Fibroblast growth factor(FGF)は神経幹細胞を含む様々な幹細胞の培養系において幹細胞の自己複製能及び増殖能を維持させるために一般的に使用されている増殖因子である。しかし、FGFがどのような分子機構によってそのような作用を示すのかについてはまだよく分かっていない。そこで本研究ではFGFシグナリングにおいて重要な機能を果たす分子であるFGF receptor substrate 2 α(FRS2α)に注目し、神経幹細胞/前駆細胞の自己複製および増殖における機能解析を行った。FGFの結合によりFGF受容体が活性化すると、FRS2αのShp2結合部位とGrb2結合部位として知られる2つのチロシンリン酸化部位がリン酸化され、Erkの活性化が起こることが知られている。まず、FRS2αの過剰発現の実験から、FRS2αのチロシンリン酸化が神経幹細胞/前駆細胞の増殖および自己複製に必要であることが示唆された。次に、FRS2αのGrb 2結合部位の変異体(Frs2α4F)を使った解析から、この部位は神経前駆細胞の増殖に必要であるが、幹細胞の自己複製には必須ではないことが示された。加えて、 Frs2α4F/4Fの神経幹細胞/前駆細胞においてはFGF刺激によるErkの活性化が若干減少していた。さらに、神経幹細胞/前駆細胞においてFrs2αをノックダウンした場合にはFGF刺激に応じたErkの活性化が減少し、増殖および自己複製の両方が阻害された。これらの結果は、FGF刺激によるFRS2αを介した比較的低いレベルのErkの活性化は自己複製の促進に十分であるが、神経前駆細胞が正常に増殖するには、より高いレベルのErkの活性化が必要であることを示唆する。この仮説と一致して、Mek阻害剤を使った実験から、高い阻害剤の濃度では神経幹細胞/前駆細胞の増殖および自己複製の両方が阻害されるが、低い濃度では増殖だけが抑制され自己複製には影響がないことが示された。一方、FGF-FRS2αシグナリングの下流で自己複製に働く因子について探索した結果、転写因子Hes1の発現がErkの活性化に依存して誘導されることが分かった。また、Frs2αをノックダウンすると神経幹細胞の自己複製が阻害されたが、Hes1を共発現することでその表現型がレスキューされた。以上の結果から、FRS2αはFGFによるErkの活性化レベルを調節することで、神経幹細胞/前駆細胞の自己複製及び増殖の制御に重要な働きをすることが示された。また、FRS2α-Erkシグナリングの下流でHes1が神経幹細胞の自己複製に働いていることが分かった。

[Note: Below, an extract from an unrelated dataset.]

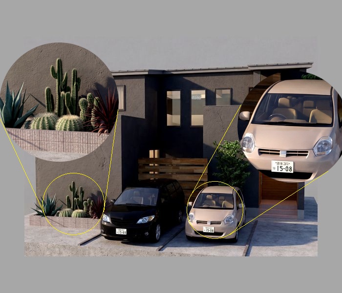 車の内装や花壇のサボテンも加えて、ジオラマのような様相に…!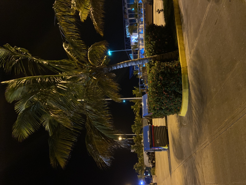 A palm tree stands tall at night, its fronds casting shadows. Nearby, a building with blue accents is visible, while shrubs line a pathway. Several blue dumpsters and trucks are parked along the curb. The scene is lit by streetlights. A yellow painted curb is also a component of the composition.

本研究は、FGFが神経幹細胞/前駆細胞の自己複製能及び増殖能を調節する分子機構を明らかにするため、FGFシグナリングにおいて重要な機能を果たす分子であるFRS2αに注目して、神経幹細胞/前駆細胞の自己複製および増殖における機能解析を行ったものである。

まず、FRS2αの過剰発現の実験から、FRS2αのチロシンリン酸化が神経幹細胞/前駆細胞の増殖および自己複製に必要であることが示唆された。次に、FRS2αのGrb 2結合部位の変異体(Frs2α4F)を使った解析から、この部位は神経前駆細胞の増殖に必要であるが、幹細胞の自己複製には必須ではないことが示された。加えて、 Frs2α4F/4Fの神経幹細胞/前駆細胞においてはFGF刺激によるErkの活性化が若干減少していた。さらに、神経幹細胞/前駆細胞においてFrs2αをノックダウンした場合にはFGF刺激に応じたErkの活性化が減少し、増殖および自己複製の両方が阻害された。また、Mek阻害剤を使った実験から、高い阻害剤の濃度では神経幹細胞/前駆細胞の増殖および自己複製の両方が阻害されるが、低い濃度では増殖だけが抑制され自己複製には影響がないことが示された。また、Frs2αをノックダウンすると神経幹細胞の自己複製が阻害されたが、Hes1を共発現することでその表現型がレスキューされた。

以上の結果から、FRS2αはFGFによるErkの活性化レベルを調節することで、神経幹細胞/前駆細胞の自己複製及び増殖の制御に重要な働きをすることが示された。また、FRS2α-Erkシグナリングの下流で神経幹細胞の自己複製に働く因子の一つがHes1であることが示唆された。

本研究は神経幹細胞/前駆細胞の増殖および自己複製におけるシグナル伝達機構の解明に寄与することで再生医療研究への応用に重要な貢献となると考えられ、学位の授与に値するものと考えられる。